- Education: St. Stephen's College, Delhi Delhi University; University of Pennsylvania; UCLA;
- Awards: Shanti Swarup Bhatnagar Award
- Scientific career
- Workplaces: Tata Institute of Fundamental Research
- Doctoral advisor: Haruzo Hida

= Eknath Prabhakar Ghate =

Indian mathematician

Eknath Prabhakar Ghate is a mathematician specialising in number theory and working at the School of Mathematics, Tata Institute of Fundamental Research, Mumbai, India. He was awarded the Shanti Swarup Bhatnagar Prize for science and technology, the highest science award in India, for the year 2013 in the mathematical sciences category.

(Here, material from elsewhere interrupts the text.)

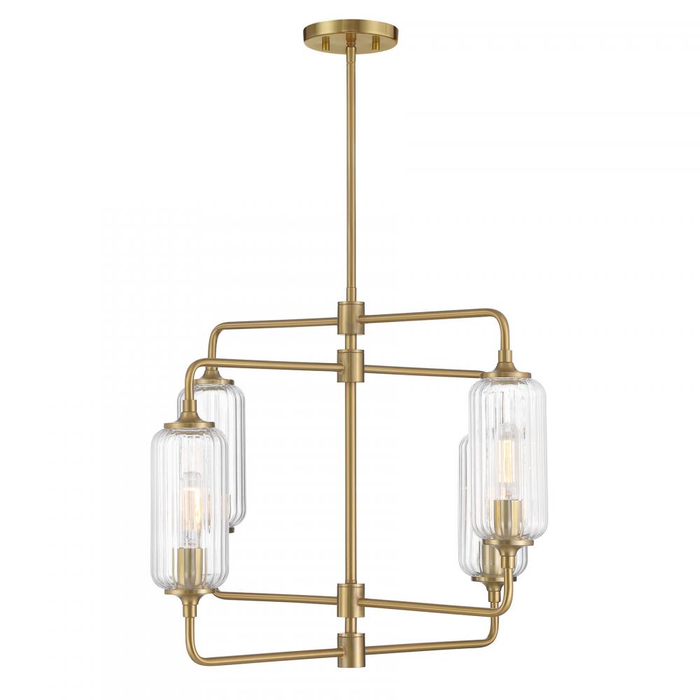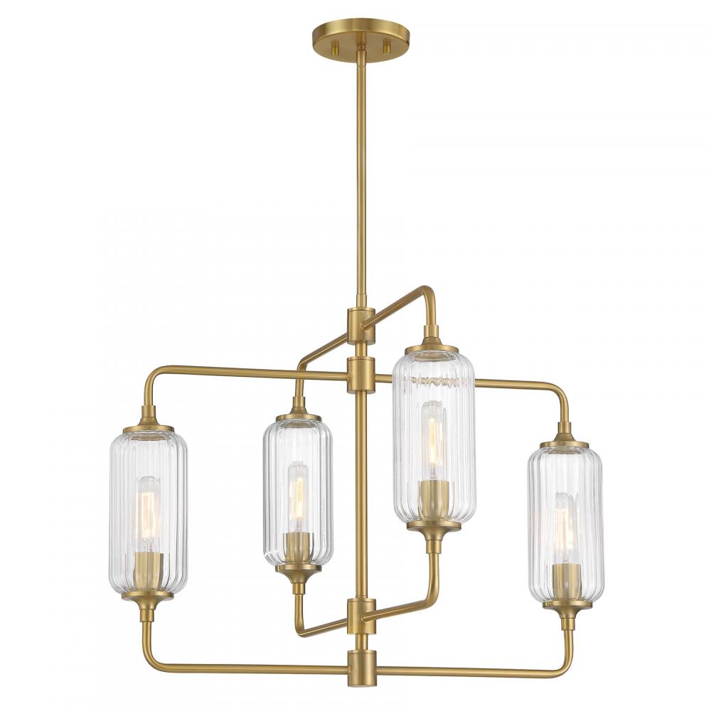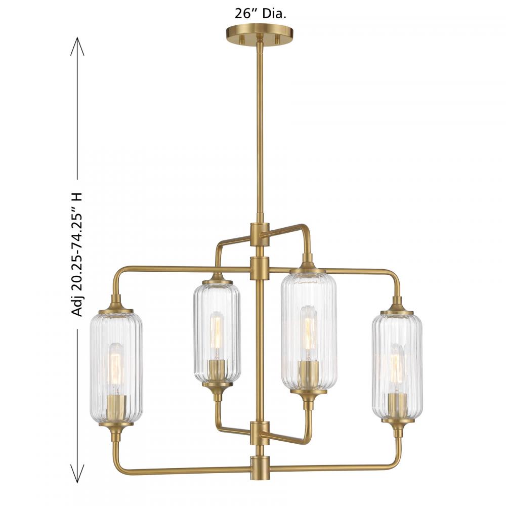 The Savoy House Holton 4-light chandelier showcases an inventive and geometric style with tall, rounded shades of clear ribbed glass and a slim, rounded structure finished in Warm Brass. It will bring a big dose of style to any space! Holton is 26" in width and has an adjustable height ranging from 20.25" to 74.25". It uses four standard size bulbs of up to 60 watts per bulb. Bulbs not included. Comes with four 12" downrods and one 6" downrod.

== Early life and education ==
Ghate was schooled at Mayo College, Ajmer and at the International School Manila. He studied at St. Stephen's College, Delhi and obtained his bachelor's degree from the College of Arts & Sciences, University of Pennsylvania in 1991. He earned his Ph.D. from the University of California, Los Angeles, in 1996; his doctoral advisor was Haruzo Hida.

== Career ==
Ghate is a professor at the Tata Institute of Fundamental Research. In number theory, Ghate is mostly interested in problems connected to automorphic forms, Galois representations, and the special values of L-functions.

== Awards ==
Ghate was awarded the Bhatnagar Award in 2013. Ghate was elected a Fellow of the Indian Academy of Sciences in 2014. Ghate was awarded the JTM Gibson Award for Excellence by Mayo College in 2019. He was elected Fellow of the Indian National Science Academy in 2021.